Несмотря на то что армянские погромы при Абдул Гамиде и геноцид  1915-1923 гг. вызвали новую волну сочувствия к армянам во всем британо-американском мире, несмотря на то что было написано и произнесено много слов в поддержку армян Западной Армении (в частности, английские политические и общественные деятели Гладстон, Брайс, Саймондс, Ллойд Джордж, Диллон, Рамсей и другие первыми подняли голос в защиту армян в 1894-1896 гг.), несмотря на значительную материальную помощь, в конце концов, политические и экономические соображения затмили все остальные.

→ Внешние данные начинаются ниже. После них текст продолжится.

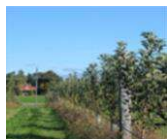
CANADA – Ontario: planting trees to restore ecosystems 2021

Вскоре Турции простили все: 1,5 миллиона убиенных армян и армянские территории стали лишь страницей истории. И мало кто помнит слова премьер-министра Англии Гладстона: «Армянский вопрос стоит выше внутрипартийной борьбы и национальных распрей, он касается всего человечества». Прошли десятилетия, и принц Чарльз в прошлом году прибыл в Турцию отмечать с Эрдоганом победу в Галлиполи. 100-летие Геноцида армян осталось вне внимания Великобритании… Превратив в беженцев сотни тысяч армян, живущих на своей земле, сегодня Турция рулит  беженцами, появление которых в значительной степени сама же спровоцировала.

Публикуемые ниже рассказы английского писателя Герберта УЭЛЛСА  и канадца Стивена ЛИКОКА – отражение событий 1894-1896 гг. Один смешивает фантастику с реальностью, другой представляет филантропов, «помогающих» армянам.

...Геноцид рассеял армян по миру, и у некоторых возникли проблемы с самоидентификацией. Три англоязычных писателя - Уильям Сароян, Майкл Арлен (он же Тигран Куюмджян) и Майкл Арлен-младший были совершенно разными армянами. Сароян всегда оставался Сарояном. Арлен-старший – британский джентльмен, избегал всего армянского, а его сын Арлен-младший в один прекрасный день осознал, что он армянин, и вернулся к истокам. Об этом он пишет в своей автобиографической книге «Путешествие к Арарату», отрывки из которой также предлагаем читателям.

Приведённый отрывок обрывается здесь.